5.3    Do any of the new issues raised by the applicant at the hearing have any merit?

27    Finally, at the hearing the applicant raised a number of new matters as follows.

(1)    She had provided evidence to her lawyer about why she had delayed in coming to Australia after obtaining her visa in Malaysia, being one of the concerns about her claims which had worried the Tribunal.

(2)    She let a lawyer prepare the case for her and did not know what was included. He did not attend the FCC hearing but told her that she did not have to do anything at the FCC hearing except turn up. The lawyer ran away and she could not get in touch with him.
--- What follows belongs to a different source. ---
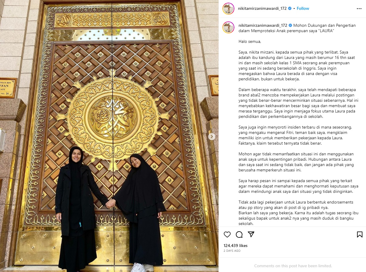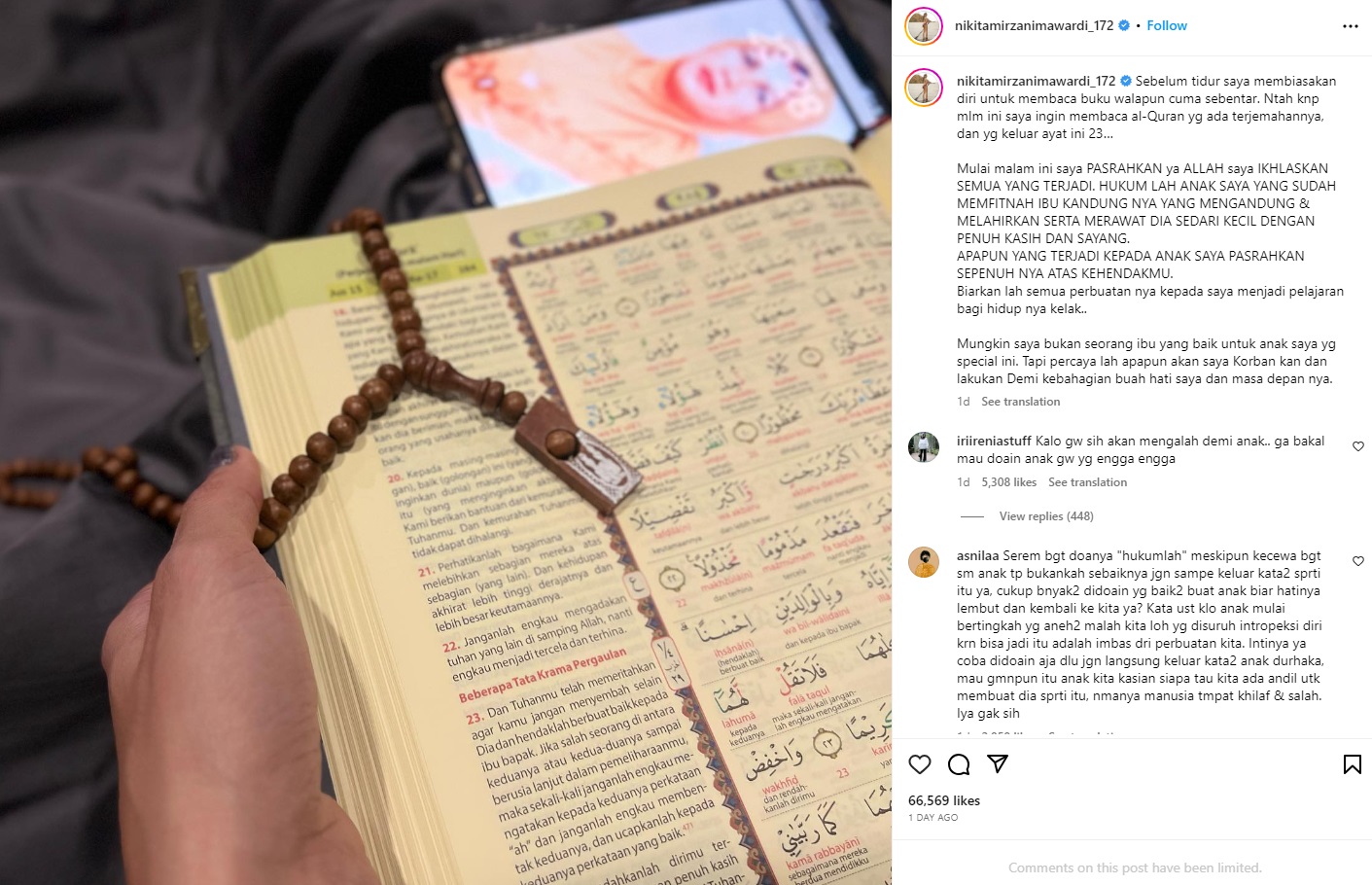 Sebagai seorang ibu, Nikita Mirzani mengaku ikhlas sang anak mengumbar aib dirinya di masa lalu. Namun, melalui unggahan terbaru Nikmir di Instagramnya, dirinya sempat mendoakan sang anak agar mendapat hukuman dari Allah.

She felt it was very strange and was confused but did not explain any of this to the FCC judge.

28    The applicant accepted that her concerns set out at (1) above were not raised before the FCC, and no explanation was given as to why she had not done so. She indicated that she might wish to lead evidence in this Court on the issue. However, as I explained at the hearing, on an appeal, the applicant must show error in the primary judge’s decision. An appeal is not an opportunity to run a new case on fresh evidence which could have been led at trial: Coulton v Holcombe (1986) 162 CLR 1. No arguable case can be raised that the primary judge erred in not considering a matter which was not in issue before him and on which no evidence had been led.
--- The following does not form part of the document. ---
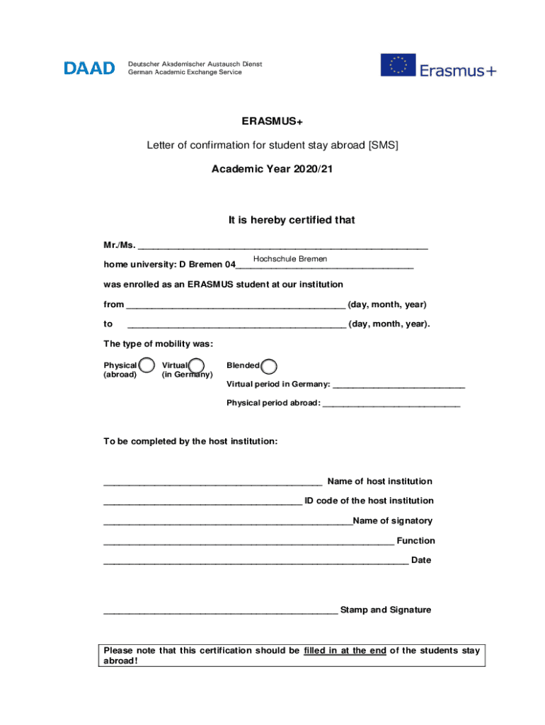 ERASMUS+ Letter of confirmation for student stay abroad SMS Academic Year 2020/21It is hereby certified that Mr./Ms. Hochschule Bremen home university: D Bremen 04 was enrolled as an ERASMUS student

29    As to (2) above, the applicant also accepted that she had not raised any of her concerns about her lawyer with the primary judge. Furthermore, there is no suggestion that the applicant was at any time represented by a solicitor on the record in the FCC, and the judgment below records that she appeared unrepresented. In those circumstances, there is no arguable case of a breach of procedural fairness before the primary judge. It is apparent from the primary judge’s reasons that the applicant was given leave to file an amended application for review in advance of the hearing in the FCC given that her application did not identify any grounds, and that she appeared before the primary judge and was given the opportunity to make submissions in support of her application for review.

6.    CONCLUSION

30    For these reasons, any appeal would not enjoy sufficient prospects of success to justify the grant of an extension of time. The application for an extension of time within which to appeal should be dismissed with costs.

I certify that the preceding thirty (30) numbered paragraphs are a true copy of the Reasons for Judgment herein of the Honourable Justice Perry.